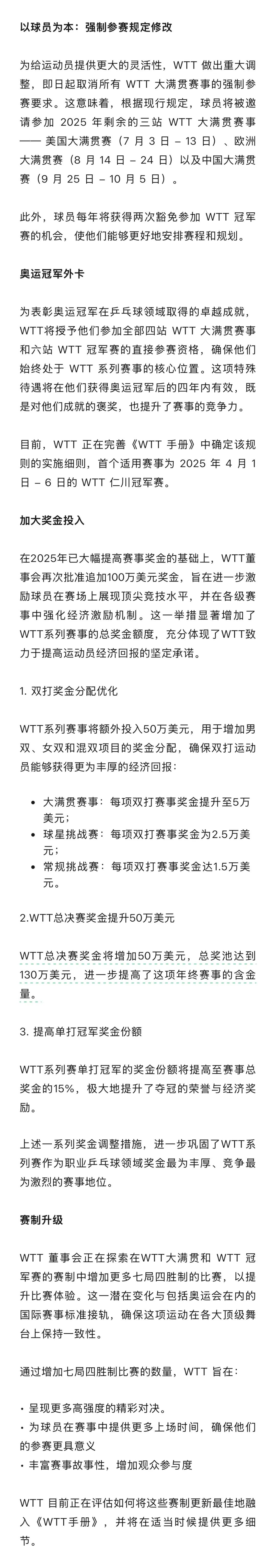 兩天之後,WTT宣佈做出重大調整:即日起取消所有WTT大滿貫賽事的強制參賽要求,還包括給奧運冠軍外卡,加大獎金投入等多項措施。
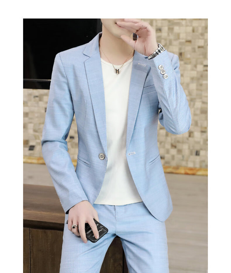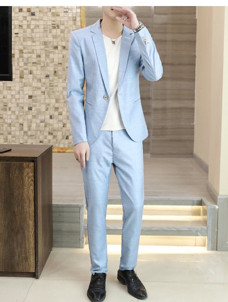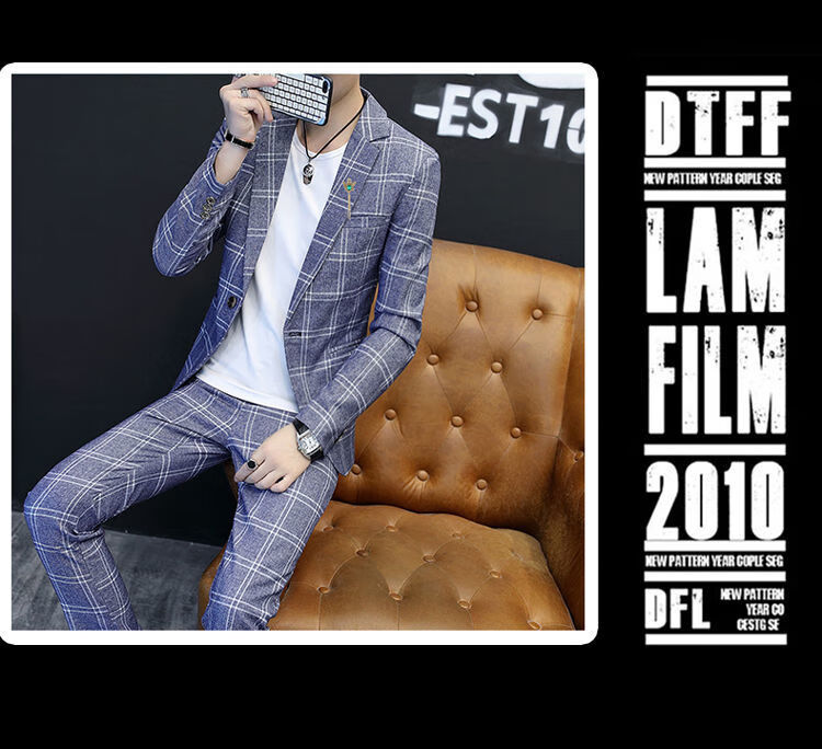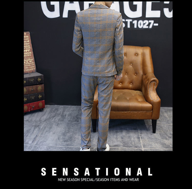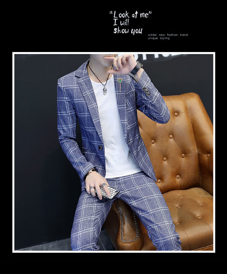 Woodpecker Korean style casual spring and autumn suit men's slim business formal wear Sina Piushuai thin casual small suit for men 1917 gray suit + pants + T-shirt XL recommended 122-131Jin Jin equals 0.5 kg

---

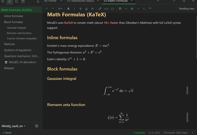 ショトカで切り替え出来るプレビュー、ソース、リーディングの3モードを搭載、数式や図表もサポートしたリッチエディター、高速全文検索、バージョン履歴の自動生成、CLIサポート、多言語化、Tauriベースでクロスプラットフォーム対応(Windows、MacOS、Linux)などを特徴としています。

---

- Exercise brief
Leaving every picture aside, reproduce exactly the lines above from the one with "兩天之後,WTT宣佈做出重大" up to and including the one with "Woodpecker Korean style", and no others.

- Response below
 兩天之後,WTT宣佈做出重大調整:即日起取消所有WTT大滿貫賽事的強制參賽要求,還包括給奧運冠軍外卡,加大獎金投入等多項措施。
 Woodpecker Korean style casual spring and autumn suit men's slim business formal wear Sina Piushuai thin casual small suit for men 1917 gray suit + pants + T-shirt XL recommended 122-131Jin Jin equals 0.5 kg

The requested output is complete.